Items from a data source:
:::::

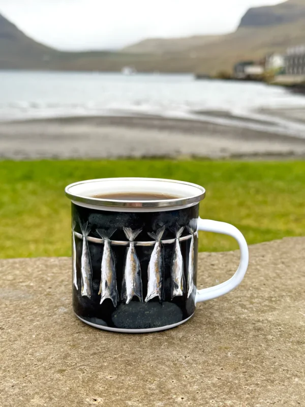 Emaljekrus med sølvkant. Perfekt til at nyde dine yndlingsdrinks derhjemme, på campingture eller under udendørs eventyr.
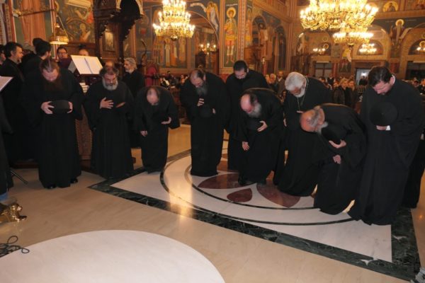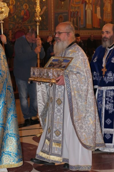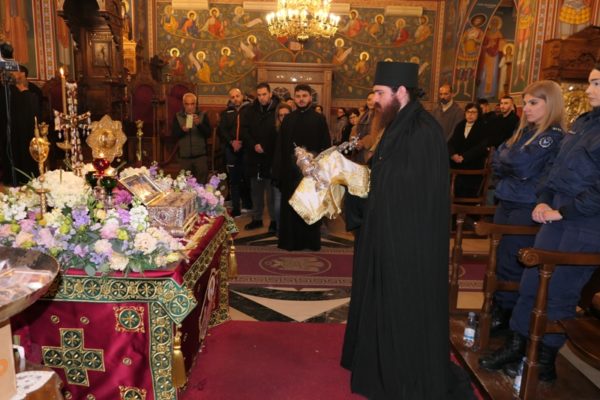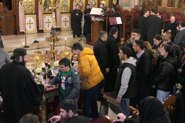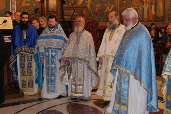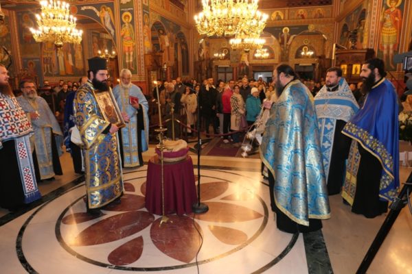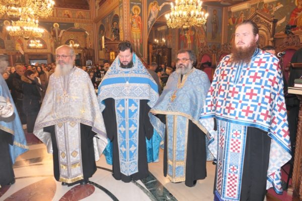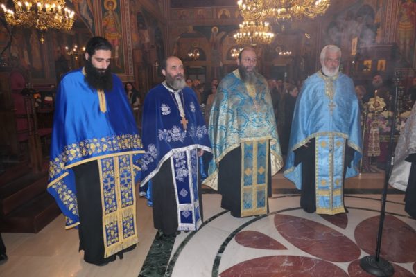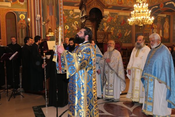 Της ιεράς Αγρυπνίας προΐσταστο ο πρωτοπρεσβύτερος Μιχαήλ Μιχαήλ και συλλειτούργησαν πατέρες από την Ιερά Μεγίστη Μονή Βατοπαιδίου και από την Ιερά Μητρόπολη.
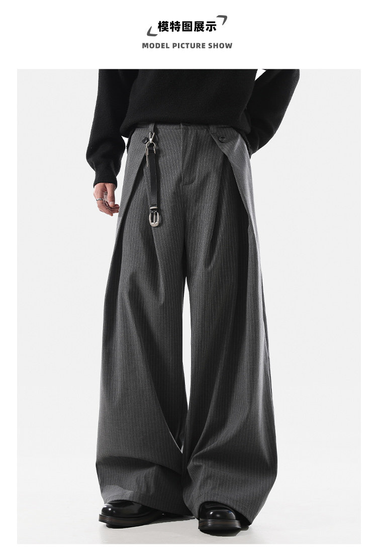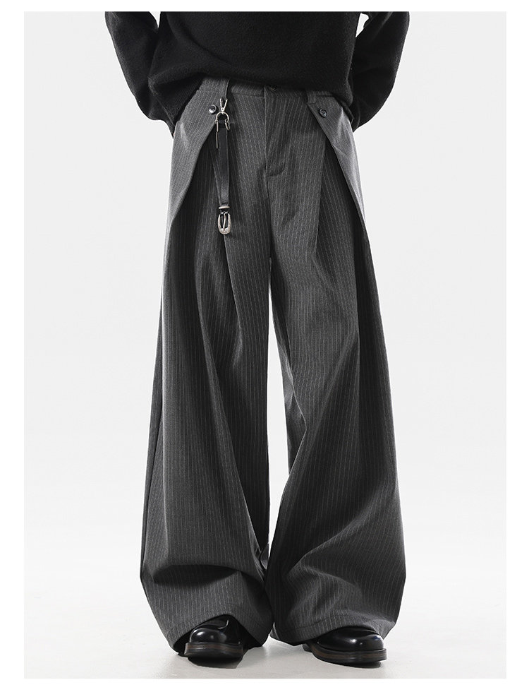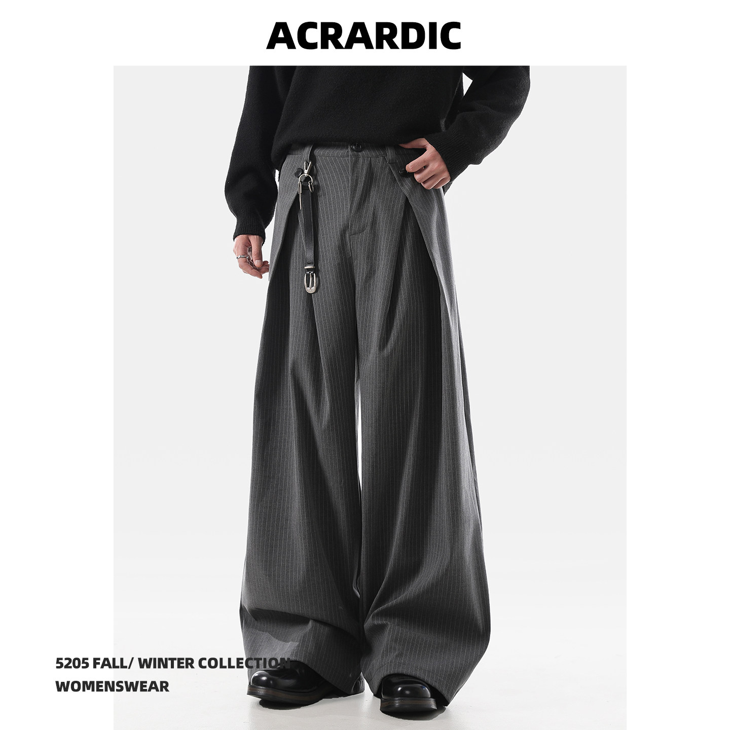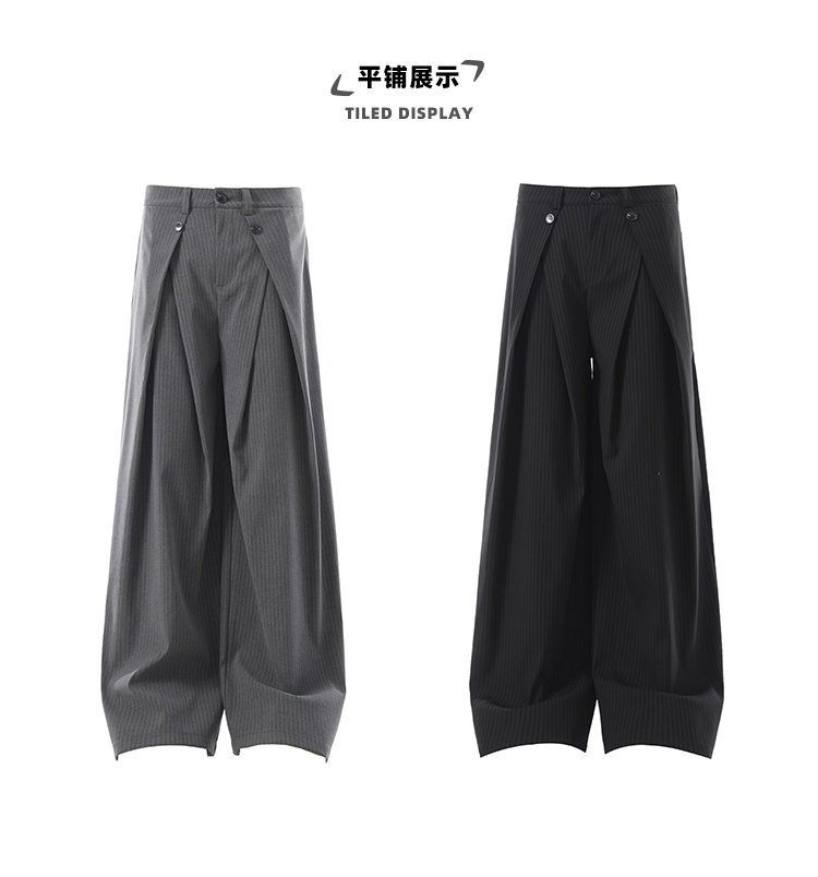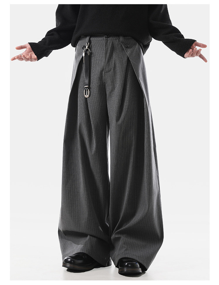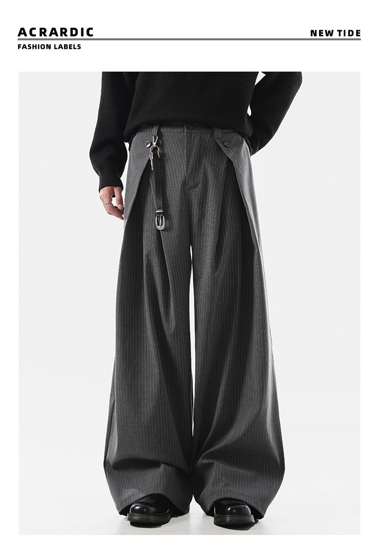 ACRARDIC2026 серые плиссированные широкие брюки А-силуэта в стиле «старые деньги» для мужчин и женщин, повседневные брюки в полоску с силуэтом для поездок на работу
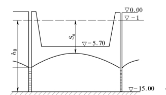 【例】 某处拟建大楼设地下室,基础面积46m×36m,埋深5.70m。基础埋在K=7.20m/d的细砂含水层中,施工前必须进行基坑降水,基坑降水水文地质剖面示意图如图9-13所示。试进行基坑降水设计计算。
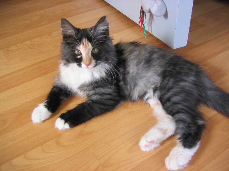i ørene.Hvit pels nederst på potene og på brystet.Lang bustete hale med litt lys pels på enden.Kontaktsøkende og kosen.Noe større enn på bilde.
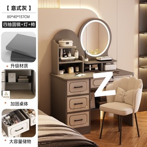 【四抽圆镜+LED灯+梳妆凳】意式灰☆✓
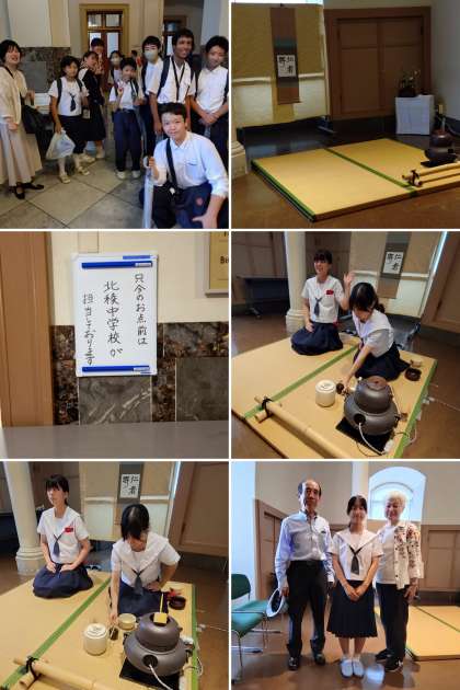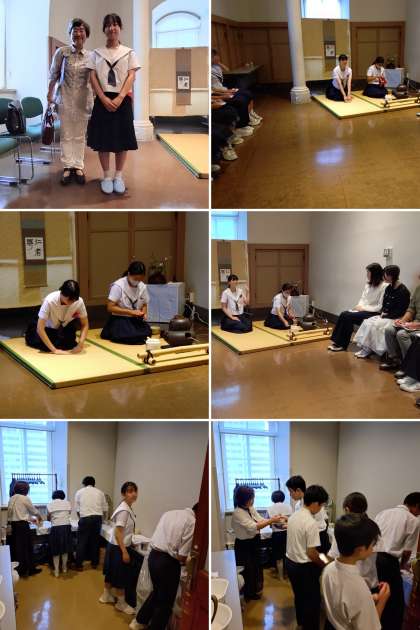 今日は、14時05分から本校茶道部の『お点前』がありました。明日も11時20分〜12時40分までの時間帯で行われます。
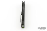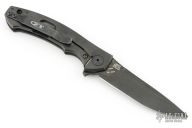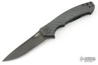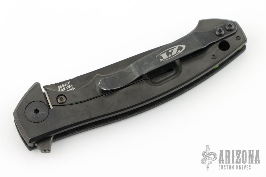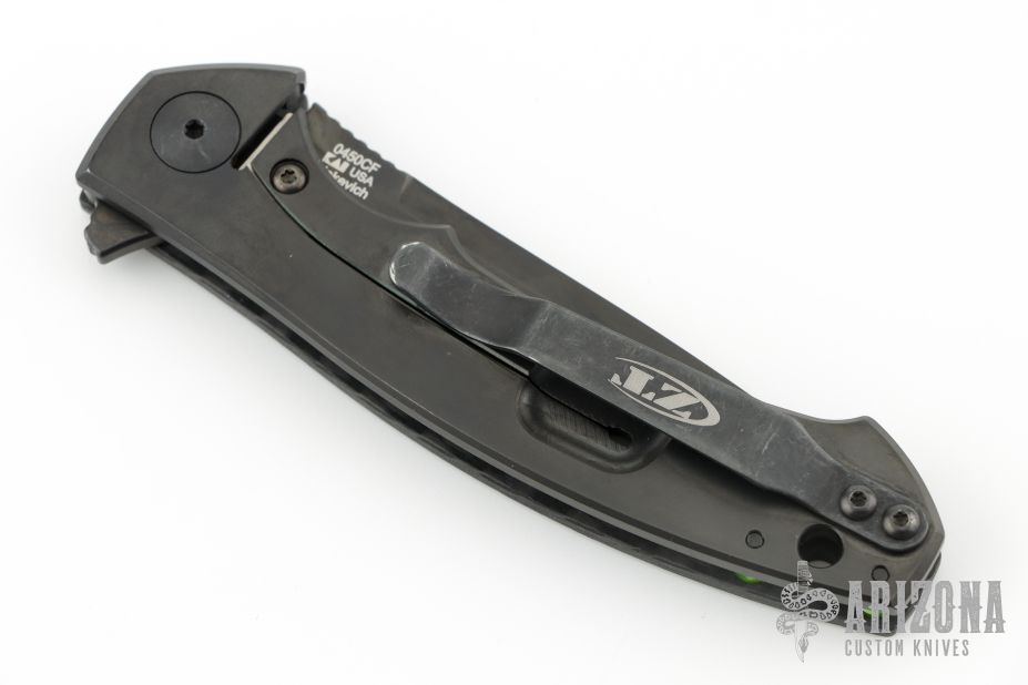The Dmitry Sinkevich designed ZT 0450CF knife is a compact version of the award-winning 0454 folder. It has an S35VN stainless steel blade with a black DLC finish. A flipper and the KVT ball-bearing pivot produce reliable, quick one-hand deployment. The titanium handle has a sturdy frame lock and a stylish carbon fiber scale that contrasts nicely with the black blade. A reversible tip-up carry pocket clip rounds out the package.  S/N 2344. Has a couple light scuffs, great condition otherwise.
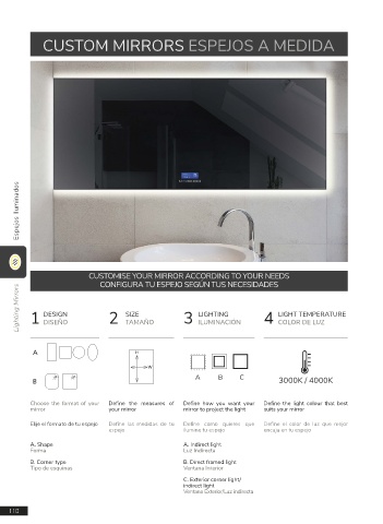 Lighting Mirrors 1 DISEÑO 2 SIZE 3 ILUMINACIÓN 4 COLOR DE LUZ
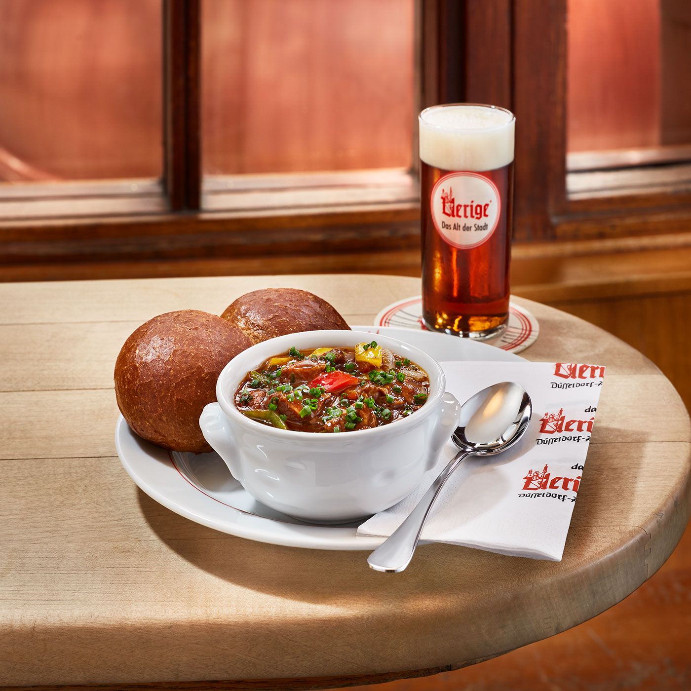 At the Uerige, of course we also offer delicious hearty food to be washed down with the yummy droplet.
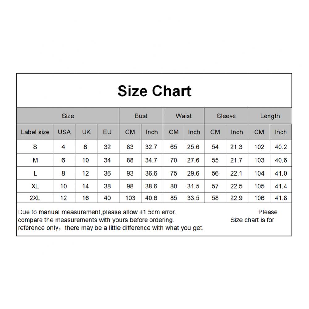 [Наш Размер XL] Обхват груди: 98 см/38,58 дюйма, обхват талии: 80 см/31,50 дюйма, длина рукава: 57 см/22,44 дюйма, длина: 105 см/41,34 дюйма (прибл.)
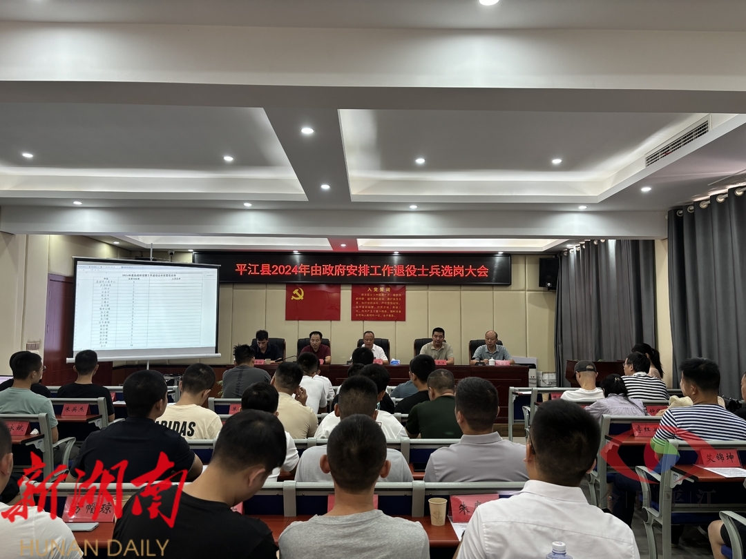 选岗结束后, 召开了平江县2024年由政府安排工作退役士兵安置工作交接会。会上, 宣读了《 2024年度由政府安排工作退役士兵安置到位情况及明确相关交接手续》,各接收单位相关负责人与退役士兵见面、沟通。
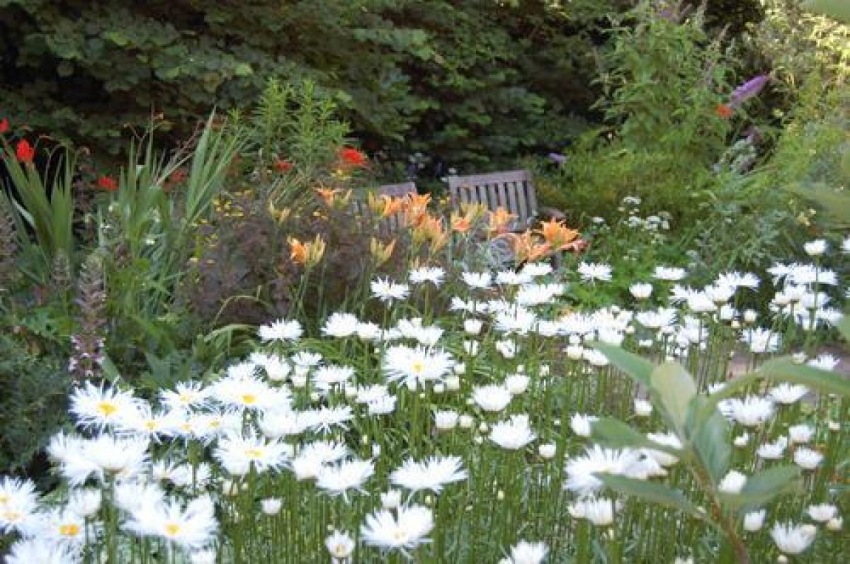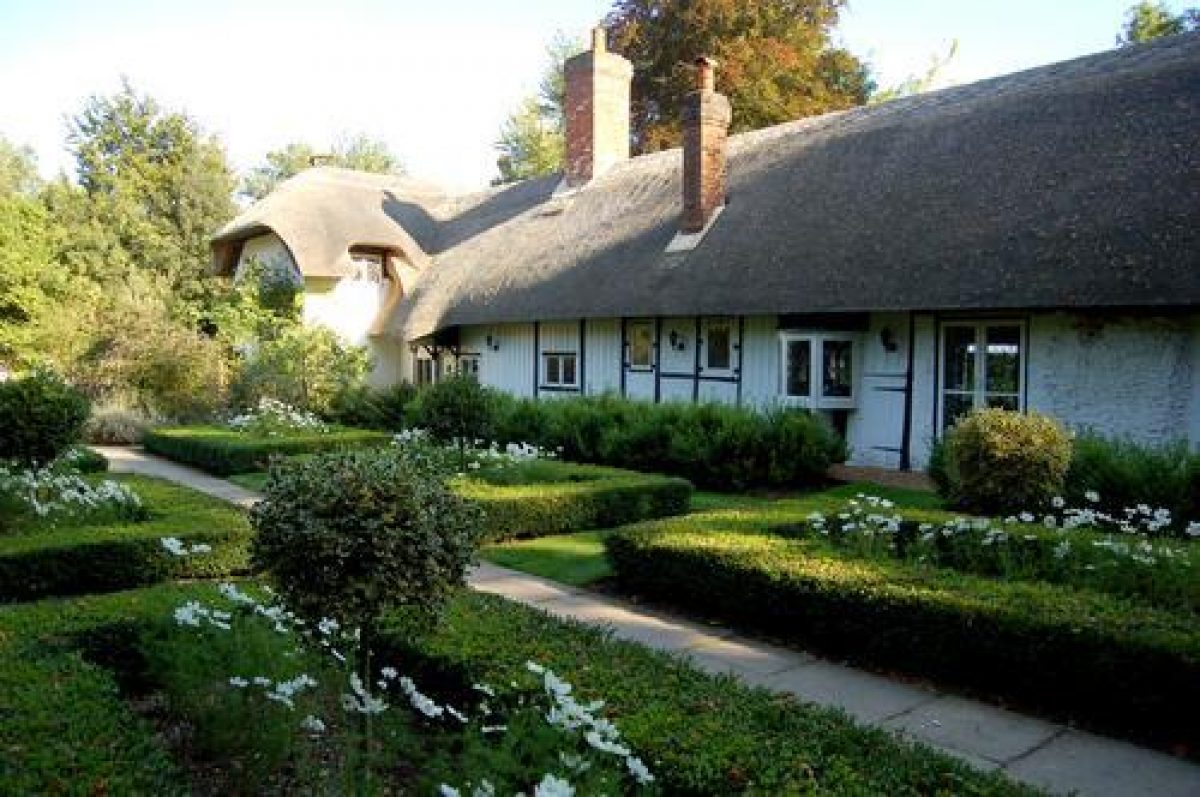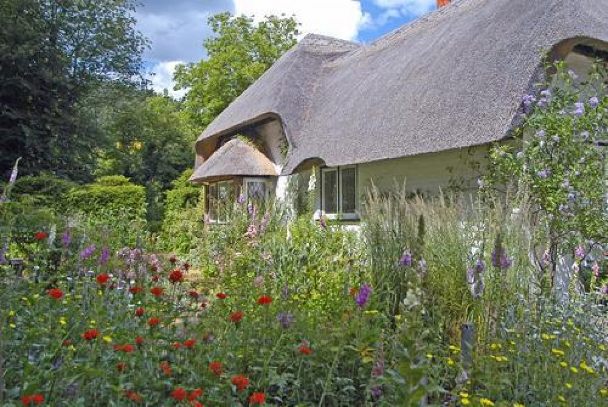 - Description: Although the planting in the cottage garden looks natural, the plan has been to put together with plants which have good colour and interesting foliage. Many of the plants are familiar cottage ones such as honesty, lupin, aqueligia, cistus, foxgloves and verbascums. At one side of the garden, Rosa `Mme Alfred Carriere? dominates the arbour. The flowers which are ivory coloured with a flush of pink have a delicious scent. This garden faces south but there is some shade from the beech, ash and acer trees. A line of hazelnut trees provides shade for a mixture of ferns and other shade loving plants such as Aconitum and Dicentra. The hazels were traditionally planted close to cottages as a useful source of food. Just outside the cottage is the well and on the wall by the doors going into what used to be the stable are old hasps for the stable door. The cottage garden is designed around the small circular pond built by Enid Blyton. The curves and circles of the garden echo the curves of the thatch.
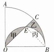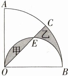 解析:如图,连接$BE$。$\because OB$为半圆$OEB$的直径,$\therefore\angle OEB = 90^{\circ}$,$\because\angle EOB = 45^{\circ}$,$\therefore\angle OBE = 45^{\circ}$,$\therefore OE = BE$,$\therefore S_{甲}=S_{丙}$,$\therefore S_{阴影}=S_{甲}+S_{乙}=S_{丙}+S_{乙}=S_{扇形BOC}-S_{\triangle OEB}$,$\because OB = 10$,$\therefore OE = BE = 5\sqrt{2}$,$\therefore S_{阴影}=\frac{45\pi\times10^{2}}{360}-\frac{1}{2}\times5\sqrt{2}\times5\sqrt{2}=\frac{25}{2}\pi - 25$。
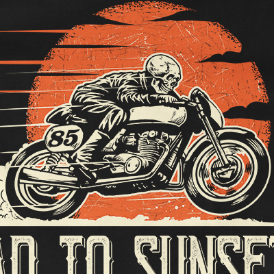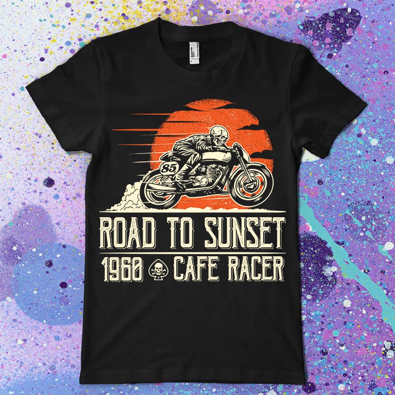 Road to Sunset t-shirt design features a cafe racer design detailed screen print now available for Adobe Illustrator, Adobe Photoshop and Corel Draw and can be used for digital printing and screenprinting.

:::::

- Activity -
Each line from the start of the entries through the line with "Της ιεράς Αγρυπνίας" is to be restated exactly, and the pictures are to be skipped.

- Task result -
 Emaljekrus med sølvkant. Perfekt til at nyde dine yndlingsdrinks derhjemme, på campingture eller under udendørs eventyr.
 Της ιεράς Αγρυπνίας προΐσταστο ο πρωτοπρεσβύτερος Μιχαήλ Μιχαήλ και συλλειτούργησαν πατέρες από την Ιερά Μεγίστη Μονή Βατοπαιδίου και από την Ιερά Μητρόπολη.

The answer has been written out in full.